Im Sommer 2026 erwacht am Schlossberg von Rattenberg eine mittelalterliche Legende zu neuem Leben. Die Schlossbergspiele Rattenberg präsentieren mit „Notburga – die Feierabendheilige“ eine Uraufführung, die Mythos, Gesellschaftskritik und poetisches Volkstheater miteinander verbindet. Geschrieben wurde das Stück von Barbara Aschenwald, die mit diesem Werk ihr erstes abendfüllendes Theaterstück vorlegt, während Markus Völlenklee die Regie übernimmt.

Die Geschichte wird von einem alten, müden Engel erzählt, der am Schlossberg wohnt – ein Überbleibsel einer Zeit, in der die Menschen noch in Bildern und Mythen nach Antworten suchten. Sein zerzaustes Gewand und der gebrochene Flügel spiegeln eine Welt wider, die sich verändert hat. Statt himmlischer Zeichen dominieren heute wirtschaftliche Zwänge und gesellschaftliche Machtstrukturen. Doch gerade in dieser Spannung entfaltet sich die Geschichte der Heiligen Notburga.
Notburga ist eine Figur zwischen Armut und Würde, zwischen gesellschaftlichem Aufstieg und tiefem Fall. Als Dienstmagd schenkt sie den Bettlern vor der Burg die Reste der gräflichen Tafel – ein Akt christlicher Nächstenliebe, der jedoch mit den wirtschaftlichen Interessen der neuen Herrin Ottilie kollidiert.

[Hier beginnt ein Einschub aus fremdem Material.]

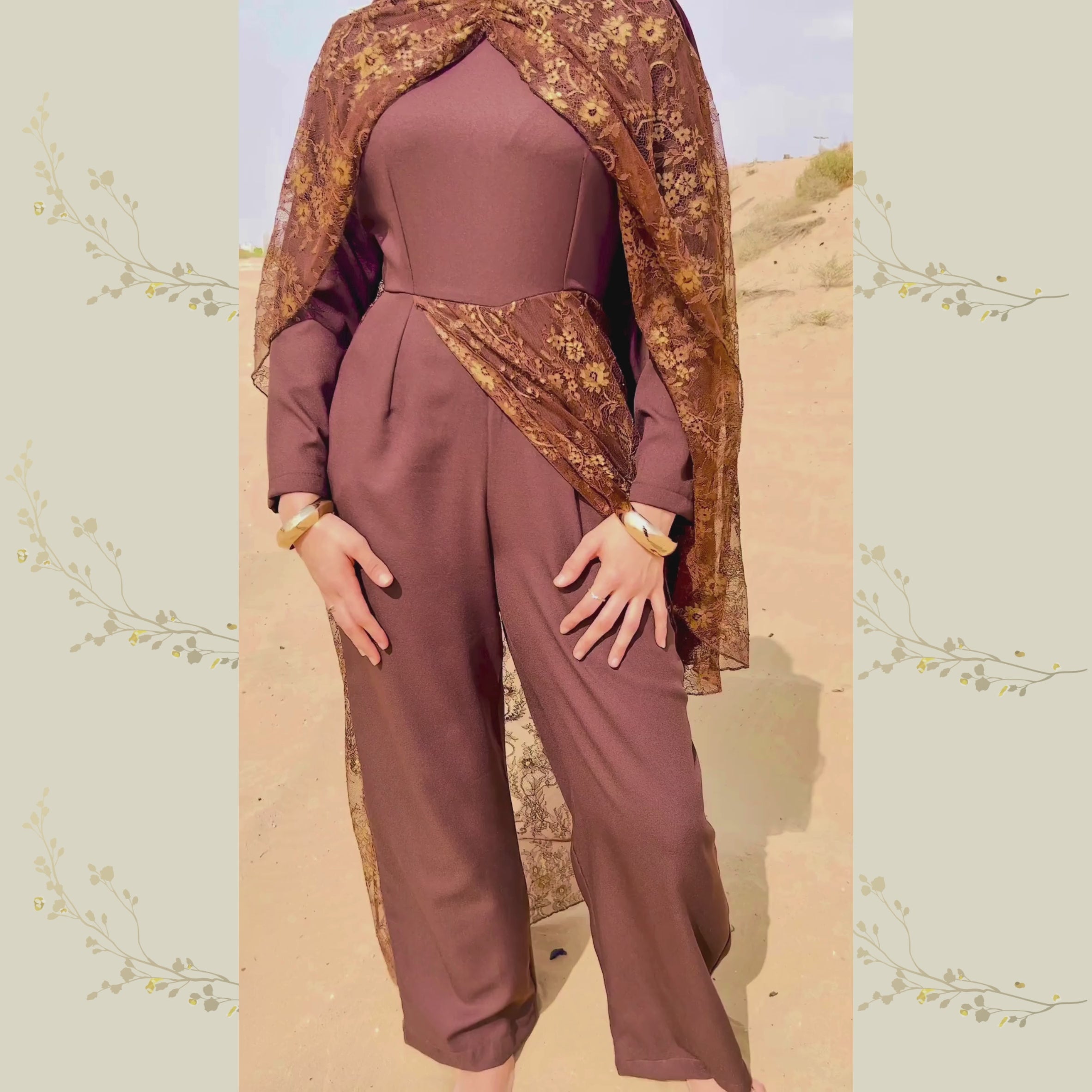 This lace-layered jumpsuit moves like a harmony of modesty and movement, flowing as day fades into dawn.

Unter der Herrschaft Heinrichs des Zweiten verändert sich die Weltordnung: Besitz, Gehorsam und ökonomische Kontrolle verdrängen Mitgefühl und Solidarität. Notburga wird wegen ihres Ungehorsams von der Rottenburg verbannt und findet sich plötzlich ohne Heimat, ohne Schutz und ohne Perspektive wieder.In der poetischen Bildsprache des Stücks wird diese Situation zu einer zeitlosen Erzählung über gesellschaftliche Machtverhältnisse. Die Dämonen von Neid, Geiz und Habgier werden als unsichtbare Kräfte sichtbar, die nicht nur das Mittelalter, sondern auch die Gegenwart prägen. Doch Notburga bleibt eine Figur des Glaubens an menschliche Würde. Ihr Weg führt sie als Dienstmagd zum Spiessenbauern am Achensee – ein Abstieg, der zugleich als spirituelle Prüfung verstanden wird. Denn das Stück stellt die Frage: Suchen wir das Heil, oder findet das Heil uns?

Notburga – die Feierabendheilige Plakatsujet Schlossbergspiele Rattenberg 2026 © Schlossbergspiele Rattenberg

Notburga – die Feierabendheilige, Plakatsujet Schlossbergspiele Rattenberg 2026 © Schlossbergspiele Rattenberg

Regisseur Völlenklee bringt seine langjährige Erfahrung im Volkstheater und seine Arbeit an großen deutschsprachigen Bühnen in die Inszenierung ein. Seine künstlerische Laufbahn führte ihn unter anderem an große Häuser wie das Schauspielhaus Düsseldorf, das Thalia Theater Hamburg und zu den Salzburger Festspielen. Besonders seine langjährige Verbindung zum Tiroler Volkstheater prägt den Zugang zu dieser Inszenierung, die Tradition und zeitgenössische Interpretation miteinander verbindet. Die Autorin Aschenwald verbindet in ihrem Schreiben literarische Sprache mit sozialem Realismus. Neben ihrer Tätigkeit als Autorin arbeitet sie als Krankenschwester im Dialysezentrum Schwaz – eine Erfahrung, die sich in ihrem Blick auf menschliche Verletzlichkeit und Würde widerspiegelt. Für ihre literarischen Arbeiten erhielt sie unter anderem den Rimbeau-Preis, den Jürgen-Ponto-Preis und verschiedene Förderstipendien.
Mit Blick auf die historischen Mauern des Schlossbergs entsteht so ein Theatererlebnis, das Geschichte nicht als vergangene Zeit versteht, sondern als lebendige Erzählung über Menschlichkeit, Glauben und gesellschaftlichen Wandel. Denn am Ende bleibt die zentrale Botschaft dieser Legende: Man kommt nicht in den Himmel, weil man ihn sucht – sondern weil das Heilige manchmal selbst den Weg zu den Menschen findet.